Environment Requirements

To get started, ensure you have Conda installed on your system and follow these steps to set up the environment:

conda create -n SparseTSF python=3.8
conda activate SparseTSF
pip install -r requirements.txt

Data Preparation

All the datasets needed for SparseTSF can be obtained from the Google Drive provided in Autoformer. Create a separate folder named ./dataset and place all the CSV files in this directory. Note: Place the CSV files directly into this directory, such as "./dataset/ETTh1.csv"

Training Example

You can easily reproduce the results from the paper by running the provided script command. For instance, to reproduce the main results, execute the following command:

sh run_all.sh

Similarly, you can specify separate scripts to run independent tasks, such as obtaining results on etth1:

sh scripts/SparseTSF/etth1.sh

Usage on Your Data

SparseTSF relies on the inherent periodicity in the data. If you intend to use SparseTSF on your data, please first ascertain whether your data exhibits periodicity, which can be determined through ACF analysis.

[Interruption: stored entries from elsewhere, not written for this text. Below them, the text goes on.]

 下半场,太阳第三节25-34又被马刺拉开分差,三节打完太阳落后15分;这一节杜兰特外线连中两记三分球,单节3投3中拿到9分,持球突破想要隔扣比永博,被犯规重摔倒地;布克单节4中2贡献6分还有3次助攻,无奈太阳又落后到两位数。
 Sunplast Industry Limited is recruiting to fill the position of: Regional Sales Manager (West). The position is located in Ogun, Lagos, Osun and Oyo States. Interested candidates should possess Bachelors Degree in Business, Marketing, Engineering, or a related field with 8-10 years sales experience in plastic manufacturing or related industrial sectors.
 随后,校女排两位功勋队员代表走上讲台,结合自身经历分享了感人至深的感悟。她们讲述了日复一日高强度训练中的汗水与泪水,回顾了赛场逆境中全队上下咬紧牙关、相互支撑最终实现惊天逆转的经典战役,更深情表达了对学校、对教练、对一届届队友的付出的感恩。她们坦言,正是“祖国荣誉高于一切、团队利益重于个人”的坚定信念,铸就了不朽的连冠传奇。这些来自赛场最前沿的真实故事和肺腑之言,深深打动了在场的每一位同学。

We provide an example in the ACF_ETTh1.ipynb notebook to determine the primary period of the ETTh1 dataset. You can utilize it to ascertain the periodicity of your dataset and set the period_len parameter accordingly. Alternatively, you can set it to [2-6] when the period length is excessively large, as mentioned earlier.

Further Reading

The objective of this work is to explore an ultra-lightweight yet sufficiently powerful method to be applicable in edge scenarios with limited resources and small datasets for transfer learning and generalization.

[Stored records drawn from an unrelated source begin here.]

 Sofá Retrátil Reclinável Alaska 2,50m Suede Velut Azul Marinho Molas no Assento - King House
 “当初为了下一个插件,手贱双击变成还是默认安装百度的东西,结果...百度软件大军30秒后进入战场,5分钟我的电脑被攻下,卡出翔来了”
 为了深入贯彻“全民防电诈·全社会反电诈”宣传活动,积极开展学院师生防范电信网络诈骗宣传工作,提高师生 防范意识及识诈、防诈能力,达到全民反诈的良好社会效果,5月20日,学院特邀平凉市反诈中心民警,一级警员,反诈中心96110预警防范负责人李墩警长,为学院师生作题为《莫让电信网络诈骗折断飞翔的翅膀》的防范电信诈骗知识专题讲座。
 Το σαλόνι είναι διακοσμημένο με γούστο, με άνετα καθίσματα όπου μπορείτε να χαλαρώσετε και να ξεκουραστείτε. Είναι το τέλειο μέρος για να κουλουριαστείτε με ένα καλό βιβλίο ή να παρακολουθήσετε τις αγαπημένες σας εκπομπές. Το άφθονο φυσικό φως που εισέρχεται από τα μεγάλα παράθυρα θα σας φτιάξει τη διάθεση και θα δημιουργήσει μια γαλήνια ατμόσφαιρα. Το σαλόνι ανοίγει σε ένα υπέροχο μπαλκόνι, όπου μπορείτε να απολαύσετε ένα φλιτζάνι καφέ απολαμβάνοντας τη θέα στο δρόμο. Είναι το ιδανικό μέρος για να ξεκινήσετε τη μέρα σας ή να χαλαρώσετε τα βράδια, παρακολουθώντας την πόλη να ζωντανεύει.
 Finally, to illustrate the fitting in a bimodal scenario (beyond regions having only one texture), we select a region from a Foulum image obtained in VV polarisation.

If you seek higher predictive performance, we recommend our alternative work, SegRNN, which is an innovative RNN-based model specifically designed for LTSF. By integrating Segment-wise Iterations and Parallel Multi-step Forecasting (PMF) strategies, SegRNN achieves state-of-the-art results with just a single layer of GRU, making it extremely lightweight and efficient.

Citation

If you find this repo useful, please cite our paper.

@article{lin2024sparsetsf,
  title={SparseTSF: Modeling Long-term Time Series Forecasting with 1k Parameters},
  author={Lin, Shengsheng and Lin, Weiwei and Wu, Wentai and Chen, Haojun and Yang, Junjie},
  journal={arXiv preprint arXiv:2405.00946},
  year={2024}
}

Full results

There was a longstanding bug in our current framework where the last batch of data was discarded during the testing phase (i.e., drop_last = False). This might have affected the model's performance, especially when using a large batch size on small datasets. We have now fixed this issue (see data_provider/data_factory.py and exp/exp_main.py).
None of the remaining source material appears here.